◆ **ACTIVITY**:
All of the listing, from first line to last, should be output exactly; the pictures stay out.

(Beginning of DATASET CONTENT)

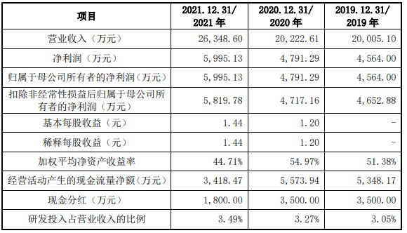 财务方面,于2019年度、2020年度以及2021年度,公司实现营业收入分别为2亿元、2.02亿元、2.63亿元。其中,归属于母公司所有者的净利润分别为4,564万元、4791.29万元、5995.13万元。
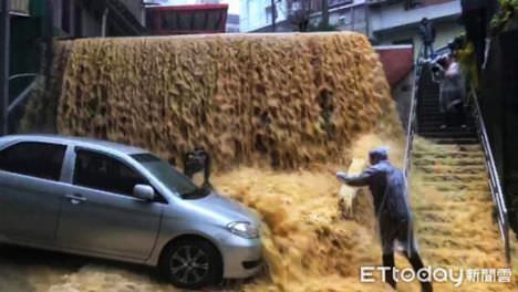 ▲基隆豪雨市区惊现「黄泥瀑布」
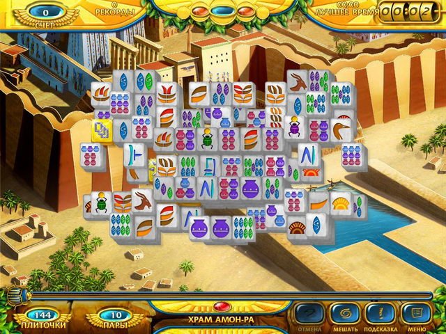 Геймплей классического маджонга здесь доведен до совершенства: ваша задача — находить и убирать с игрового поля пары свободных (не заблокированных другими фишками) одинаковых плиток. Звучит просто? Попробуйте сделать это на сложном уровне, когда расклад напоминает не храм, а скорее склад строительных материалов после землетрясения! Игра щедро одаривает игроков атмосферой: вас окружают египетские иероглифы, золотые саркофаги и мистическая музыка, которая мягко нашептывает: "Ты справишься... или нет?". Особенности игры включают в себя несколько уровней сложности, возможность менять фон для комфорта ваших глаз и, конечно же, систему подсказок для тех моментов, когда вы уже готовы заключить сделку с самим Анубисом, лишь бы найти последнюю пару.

(End of DATASET CONTENT)

◆ **EXERCISE SOLUTION**:
 财务方面,于2019年度、2020年度以及2021年度,公司实现营业收入分别为2亿元、2.02亿元、2.63亿元。其中,归属于母公司所有者的净利润分别为4,564万元、4791.29万元、5995.13万元。
 ▲基隆豪雨市区惊现「黄泥瀑布」
 Геймплей классического маджонга здесь доведен до совершенства: ваша задача — находить и убирать с игрового поля пары свободных (не заблокированных другими фишками) одинаковых плиток. Звучит просто? Попробуйте сделать это на сложном уровне, когда расклад напоминает не храм, а скорее склад строительных материалов после землетрясения! Игра щедро одаривает игроков атмосферой: вас окружают египетские иероглифы, золотые саркофаги и мистическая музыка, которая мягко нашептывает: "Ты справишься... или нет?". Особенности игры включают в себя несколько уровней сложности, возможность менять фон для комфорта ваших глаз и, конечно же, систему подсказок для тех моментов, когда вы уже готовы заключить сделку с самим Анубисом, лишь бы найти последнюю пару.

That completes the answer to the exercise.